- _Supplied material_:

---

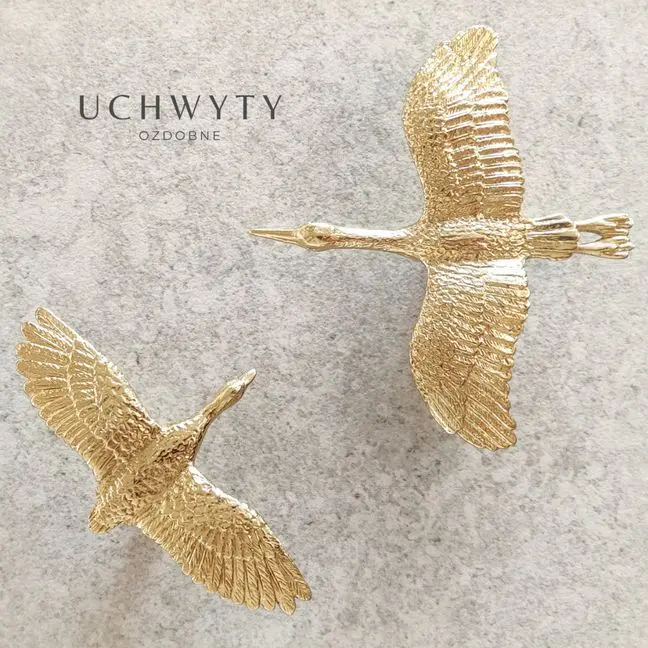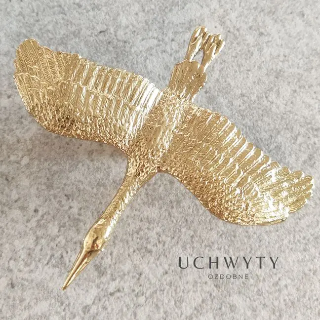Żuraw to uchwyt meblowy, który został w całości wykonany z mosiądzu. Jego wykończenie i szczegółowe detale idealnie odwzorowują kształt ptaka, pozwalając na wykorzystanie tego biżuteryjnego elementu w wielu wnętrzach: nowoczesnych, klasycznych i glamour. Uchwyt ten może być wykorzystany jako piękna ozdoba ścienna, co nawiązuje do aktualnych trendów wnętrzarskich, takich jak tapety lub płytki ceramiczne, które również wykorzystują podobne motywy. Żuraw pięknie będzie wyglądać na mniejszych frontach komód, toaletek oraz szafek RTV.
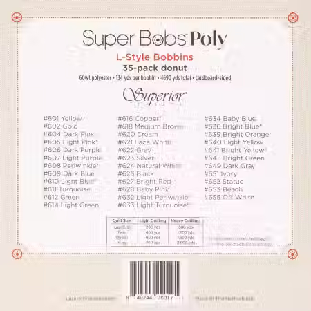 The Super Bobs Poly consists of 35 unique colored, L-style pre-wound bobbins with cardboard sides, packaged in a Bobbin Saver, softer flexible plastic and reusable.
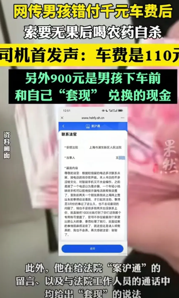 出租车司机回应:19岁男子在上海坐出租车,多转900元车费给出租车司机,多次讨要无果后自杀的事,“并不是多转900元车费,车费是110元,而他又跟我兑换了900元现金,我并未收到男子的留言,我凭什么给他们道歉,这辈子我都不会道歉。”
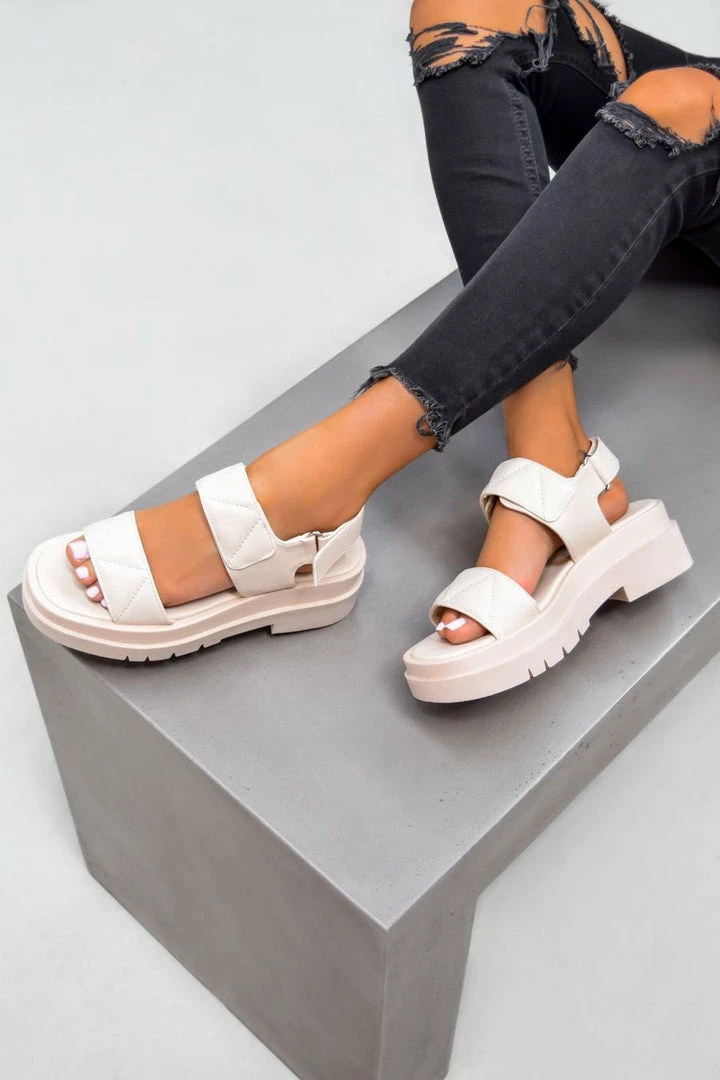 Step into Summer in our Nia sandals, featuring a quilted upper design with a velcro fastening and chunky sole. Pair with your fave pair of skinnies or a festival outfit.

---

- _The task_:
Nothing but the lines from the beginning of the material through the line with "出租车司机回应:19岁男子在" should appear, printed exactly, with no pictures among them.

- _Solution for this exercise_:
Żuraw to uchwyt meblowy, który został w całości wykonany z mosiądzu. Jego wykończenie i szczegółowe detale idealnie odwzorowują kształt ptaka, pozwalając na wykorzystanie tego biżuteryjnego elementu w wielu wnętrzach: nowoczesnych, klasycznych i glamour. Uchwyt ten może być wykorzystany jako piękna ozdoba ścienna, co nawiązuje do aktualnych trendów wnętrzarskich, takich jak tapety lub płytki ceramiczne, które również wykorzystują podobne motywy. Żuraw pięknie będzie wyglądać na mniejszych frontach komód, toaletek oraz szafek RTV.
 The Super Bobs Poly consists of 35 unique colored, L-style pre-wound bobbins with cardboard sides, packaged in a Bobbin Saver, softer flexible plastic and reusable.
 出租车司机回应:19岁男子在上海坐出租车,多转900元车费给出租车司机,多次讨要无果后自杀的事,“并不是多转900元车费,车费是110元,而他又跟我兑换了900元现金,我并未收到男子的留言,我凭什么给他们道歉,这辈子我都不会道歉。”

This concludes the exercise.